How to define an open-ended space of games to play during development < 5 months of age?

Right. I've now coded some basic action molecules! Actions activate each other with 0/1 probability and an integer delay. There are root actions and non-root actions. In one behavioural generation all root actions are activated one by one, and this generates the action molecules whose fitness is to be assessed and assigned to each atom in that molecule.


How do define games? 

The question now is, how to define a game. Some possibilities are as follows.

1. Random generation of target state vectors. A game may specify a desired/target sensory vector, e.g. maximize x value of the accelerometer, or maximize leg joint angles, or maximize foot weight sensors, or maximize USS sensor readings, etc..

2. Instructed generation of target state vectors, or target state trajectories (mutated from the currently observed state trajectories). A game may be generated/initialized by the sensory effects of actions that are generated by the population of actors that exist. This is a kind of covering (instructed) initialisation of games, inspired by modifications (perhaps systematic modifications) of sensory events generated during the current motor repertoire. These might produce static states as desired states, or may even be movement trajectories (and mutations of such trajectories).

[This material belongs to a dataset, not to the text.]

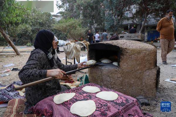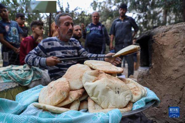 11月11日,在加沙地带南部城市汗尤尼斯,志愿者为无家可归的巴勒斯坦人制作大饼。

3. For now consider only atomic games (not composite games). A game may specify some efficiency property, e.g. to achieve the largest range of motor angles with the least amount of current, i.e. some kind of energy minimisation with some over sensory feature being maximised.

4. Games using Higher-Order Perceptual Features which are generated by unsupervised learning algorithms applied to the sensory inputs observed during the current behaviour generation.

5. The rate of progress on a compression algorithm (unsupervised learning algorithm/autoencodeer/DBN etc) could itself be a measure of interest, e.g. one game may be to try to geneate actions that increase compression efficiency of the smMatrix during that action (might be hard to do this), or try to decrease compression efficiency (might be easy for actors to do this)

6. Maximize MI between motor and sensory states. 
All these games replicate with variation, and the fundamental fitness function that selects between games is the variance of actors on that game. The higher the variance on that game, the fitter that game. That part is very clear to me, and thats why I'm building NAO robots with fabric sensors etc... so it can play these consciousness creating games.